Ballots have been mailed out to all registered voters in Santa Clara County as part of a new system designed to make elections more accessible than ever before.
For the first time in county history, every person who’s registered to vote—that’s 940,000 in the March primary election—will get a mail-in ballot to either drop off in person or return in an accompanying postage-paid envelope.
“This truly is the future of elections,” Registrar of Voters Shannon Bushey said. “We have seen vote-by-mail rates skyrocket to the point where nearly 80 percent of voters—four out of five—chose this option in 2018. That figure was expected to continue to rise even if we did not adopt the Voter’s Choice model. It really just makes sense to send everyone a vote-by-mail ballot.”
The Santa Clara County Registrar of Voters (ROV) urges recipients to check their ballots when they arrive. Nearly 300,000 county residents are registered as “no party preference,” which means their ballots will not include candidates for president.

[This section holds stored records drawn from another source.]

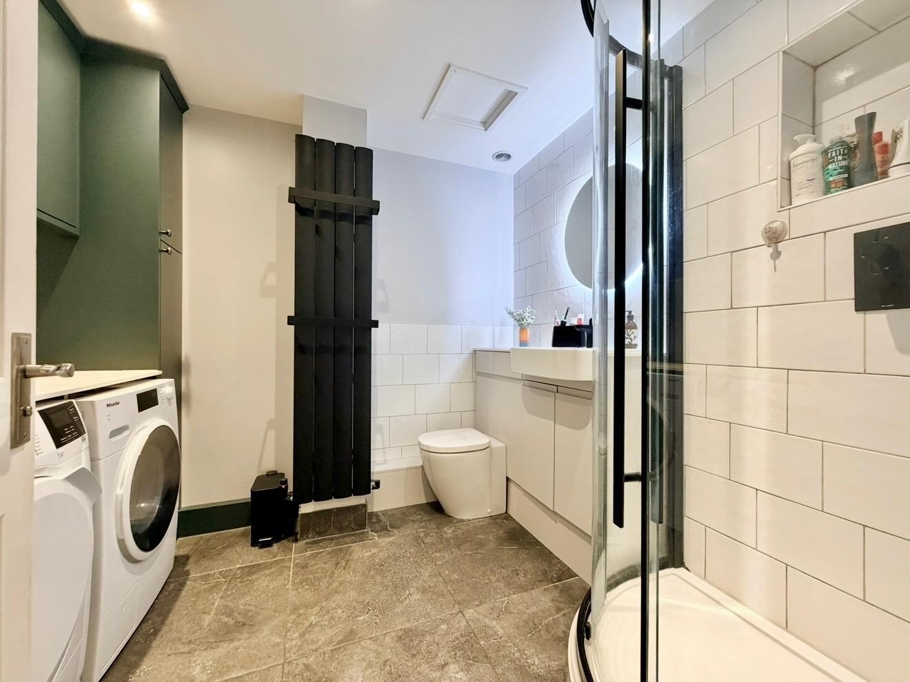 Comprising an enclosed tiled shower with a curved glass screen, basin and a wc with a push button flush set into a cabinet providing storage and concealing the cistern. Partly-tiled walls. The utility space has a range of base and wall-mounted cabinets together with work surface with space beneath for washing machine and tumble dryer. Tiled floor. Feature wall-mounted radiator.
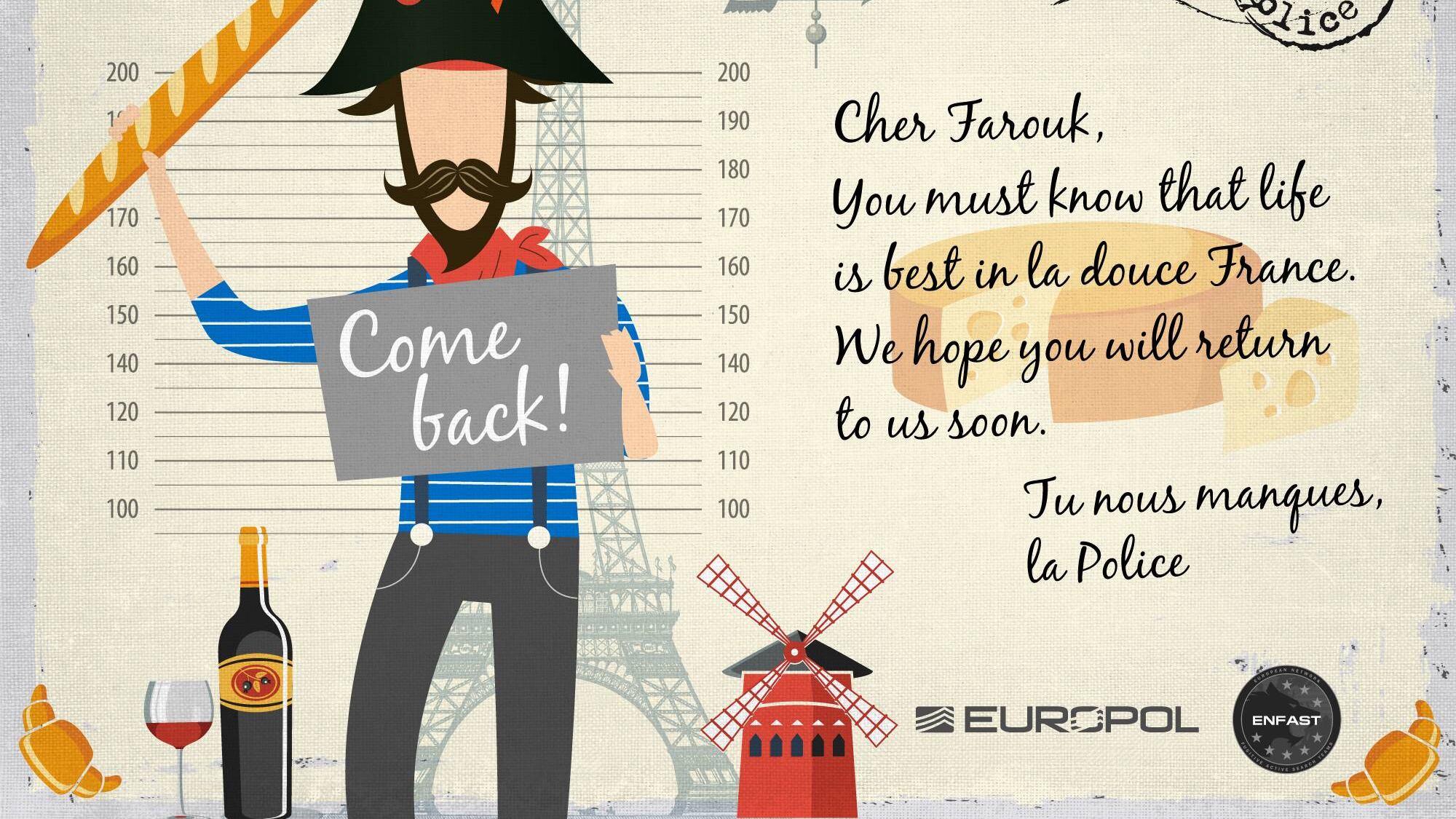 «Querido Farouk, ya sabes que la vida es mejor en la dulce Francia. Esperamos volver a verte pronto». Este es tan solo uno de los mensajes que contienen las postales lanzadas por las fuerzas policiales europeas en el marco de la campaña «¡Te queremos de vuelta este verano!» creada para apresar a los 21 criminales más buscados del continente.
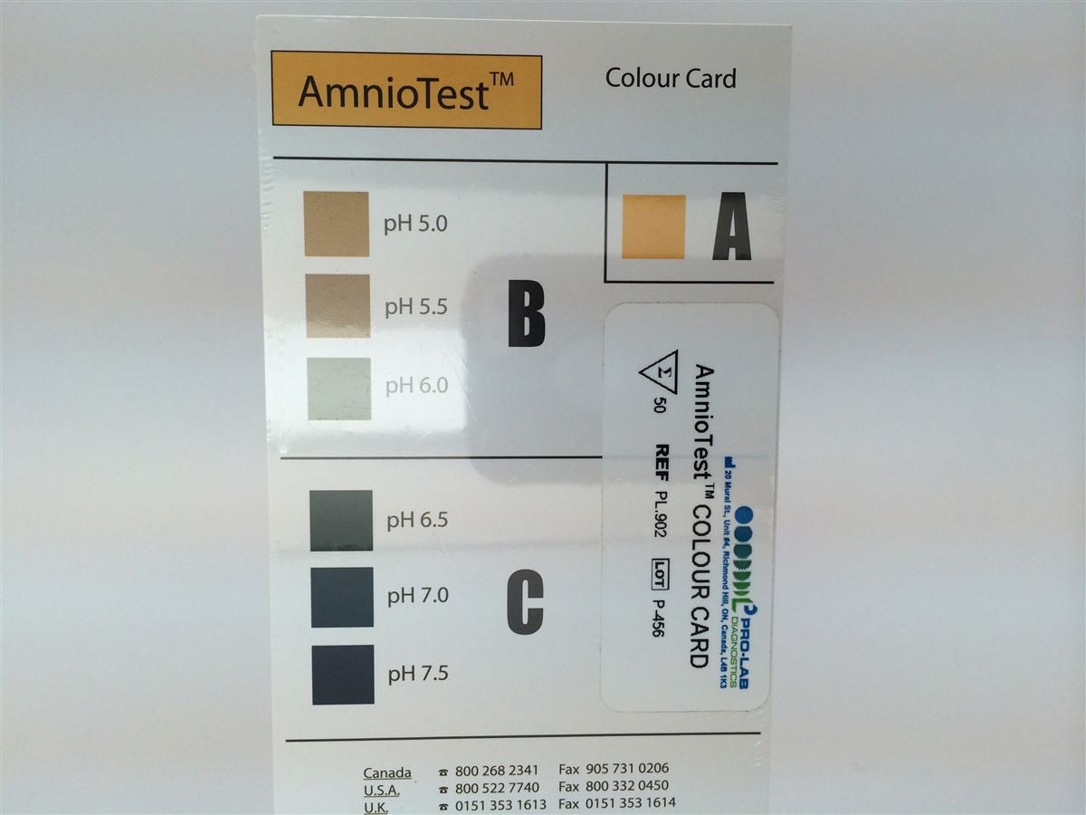 AmnioTest* Color Interpretation Cards^ AmnioTest* Color Interpretation Cards, designed to assist in the detection of rupture of the fetal membrane, cost effective, reliable, and simple to use point-of-care screen test to aid in the detection of amniotic fluid in near-term patients, Size: 50 cards

No-party-preference voters can still participate in the presidential primary if they fill out a crossover ballot for the American Independent, Democratic or Libertarian parties. If voters opt to vote the Green, Peace & Freedom or Republican, they must re-register with their preferred party. Requests for new ballots must be received by the ROV by Feb. 25.
The county Board of Supervisors adopted the new Voter’s Choice Act system last year to make elections more convenient the public.
Under the new system, not only does every county voter have the option of casting a vote by mail, they’re also no longer tied to a specific polling place. Starting on Feb. 22, they can vote in person at one of 110 locations throughout the county. Alternately, they can drop off their ballots any time before then at the ROV headquarters at 1555 Berger Drive in San Jose or at any one of 100 drop boxes available throughout the county.
Anyone can request a replacement ballot at any of the voting centers and take advantage of additional services, including language and accessibility help.
More than 7,000 vote-by-mail packets with paid-postage envelopes were also mailed to military and overseas voters to ensure that they have plenty of time to return their votes. In order to be counted in the March 3 primary, the ballots must be postmarked on or before election day and arrive no later than March 6.